→ What you will do: Extract each line of the material that follows exactly and omit its pictures.

→ Dataset content:
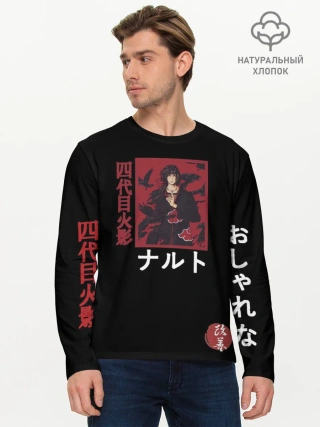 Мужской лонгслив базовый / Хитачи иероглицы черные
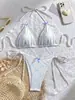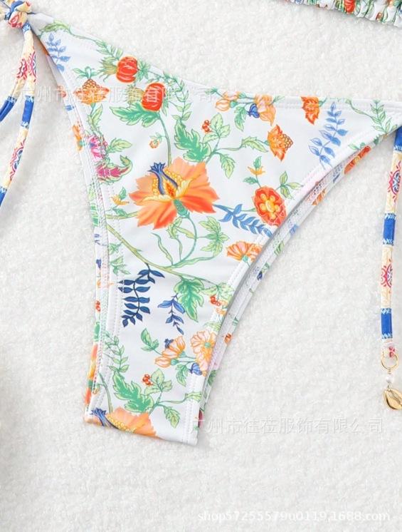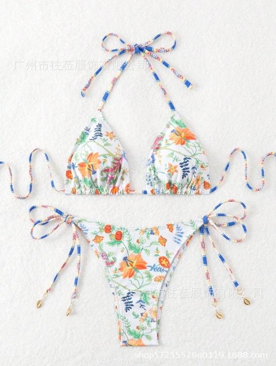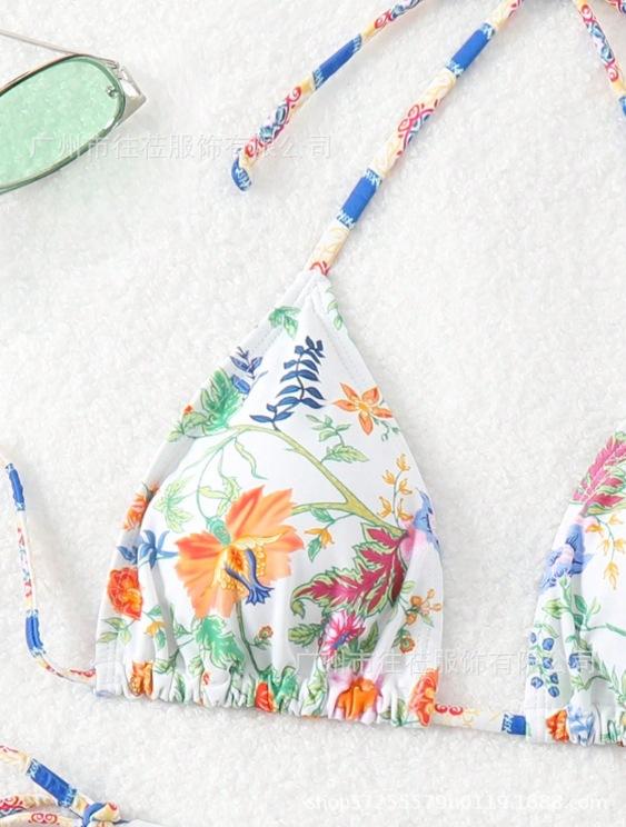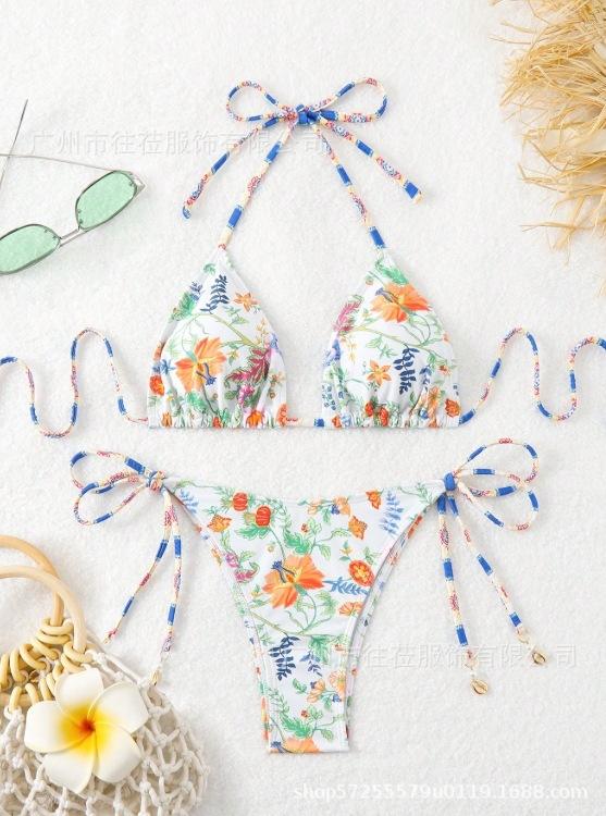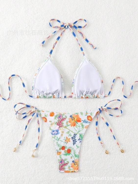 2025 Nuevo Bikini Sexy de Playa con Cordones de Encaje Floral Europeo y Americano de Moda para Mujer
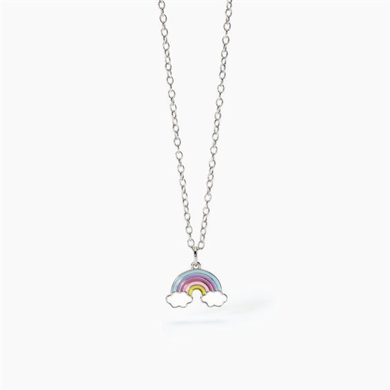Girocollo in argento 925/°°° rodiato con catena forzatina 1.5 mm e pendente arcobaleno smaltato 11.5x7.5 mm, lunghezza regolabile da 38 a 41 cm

→ Written answer:
 Мужской лонгслив базовый / Хитачи иероглицы черные
 2025 Nuevo Bikini Sexy de Playa con Cordones de Encaje Floral Europeo y Americano de Moda para Mujer
Girocollo in argento 925/°°° rodiato con catena forzatina 1.5 mm e pendente arcobaleno smaltato 11.5x7.5 mm, lunghezza regolabile da 38 a 41 cm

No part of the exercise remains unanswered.